Renovations to reorient the field for better safety began in November with the removal of more than a dozen trees. (SHERRY FERNANDES)

On November 20, a group of Montclair families addressed a letter to Montclair town officials and the Board of Education, advocating that renovations to move forward and asking the district to take prompt action to ensure the safety of all playing fields in Montclair. Students and parents have also spoke at Board of Education meetings, citing athletes who have sustained injuries due to the unsafe conditions at the field.

Neighbors living opposite the field have also been vocal, expressing their concerns as well as their disappointment in the process.

“You were told by the Board of Education that this was a baseball field renovation. This is massive construction equipment,” Erin Bullen addressed the council on Jan 2 at the council meeting. “There’s dust in our homes and I can smell it in my house,” she said, holding up a picture of the current state of the field. 

Photo of field shown by Erin Bullen at Jan. 2 council meeting (COURTESY ERIN BULLEN)

Communication breakdown   

“I think the Board of Education has been incorrect all along in the way they have approached this,” said Jory Miller, a lawyer and resident at Champlain Terrace told Montclair Local. “They have not cooperated with the town, they have not cooperated with the residents and instead of working things out reasonably, they sued the township,” he added. “They’re on the same team as the town!” 

“We’ve been excluded every time we’ve tried to have a meeting. We were supposed to have a meeting on January 3 but it was moved to January 18,” said Nancy Innace at the Jan. 2 council meeting. “It continues to happen and no OPRA requests have been answered. Everything we’ve tried to do has gone on deaf ears.” 

The meeting scheduled with residents for Jan. 18 was also cancelled. 

Residents have not been the only ones finding it difficult to reach Dr. Jonathan Ponds.

Montclair’s acting town manager Michael Lapolla addressed the public on Jan. 2 regarding the issue, saying he reached out to Ponds on Oct. 4 but was told a few days later that “Mr. Ponds was a very busy man” and that he might have time for him by Thanksgiving. 

“I received an e-invite today for tomorrow without confirming my availability to finally talk to the superintendent,” Lapolla said on Jan. 2, adding that it had been three months since he received a response from the district. 

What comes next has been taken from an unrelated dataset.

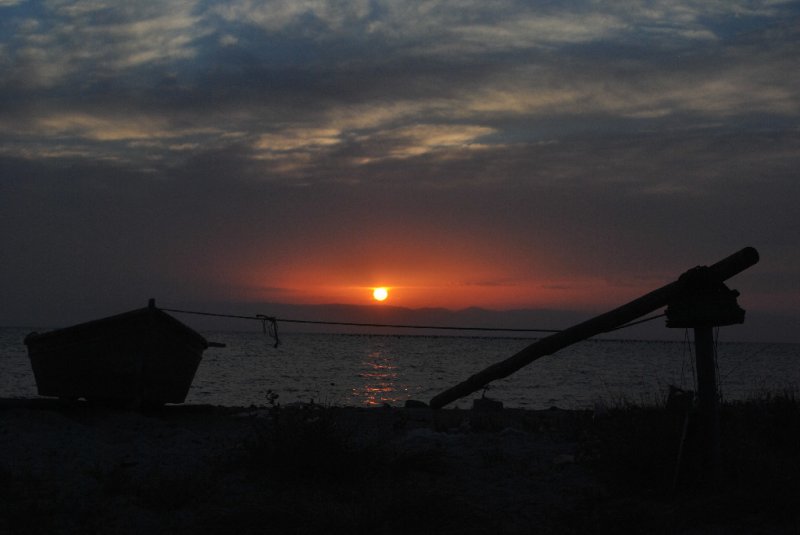 Zmíněná muzikoterapeutická produkce však není mým stěžejním nočním problémem. Ležím totiž na dně vyschlého jezera, které se naplní pokaždé, když foukající blizard rozčeří hladinu do podstatnějších výšek. Půldruhametrová vlna se lehce přehoupne přes mělký písečný předěl a během chviličky tu máme hektarovou jezerní plochu. Už během večera foukalo docela slušně, teď, před ránem, se však rákosí málem dotýká mého plápolajícího přístřešku. Vzdávám se původní představy růžového dospání a ještě za hluboké temnoty chvatně balím vichrem odvívané kusy mých nezbytných životních potřeb. S krosnou na zádech pak zamířím k pár desítek vzdálenému pobřeží. Navzdory neutuchajícím poryvům, je moře jen sympaticky načechrané. Coby rodilý suchozemec tomu pranic nerozumím.

“When the public comes up and the council says they want collaboration, that’s a two way street,” he adds.  “We’ve been there and offered and I know the Department of Planning has offered for months and months and we don’t get answered at all. We have done whatever we can to try and get them to sit down and they choose not to,” Lapolla said. 

Ponds said he couldn’t comment about matters regarding the litigation but told the Local that he and Lapolla had a conversation.

“I am aware of the statement by the Township Manager, and I spoke to him about it,” Ponds said.

Permit confusion

Janice Talley, director of Planning and Community Development, confirmed that the district did not have any approvals or permits from the Township for the work at Woodman Field and that a notice of violation was issued by the Code Enforcement Department to the district. 

When the Local asked the district about the violation, Ponds said: “It is my understanding we have the proper permits to move soil.” 

The Local requested to view the permits but the district has not responded. An OPRA request was filed to the Building Office/Construction, and the Community Services Department. The response was that no records were available.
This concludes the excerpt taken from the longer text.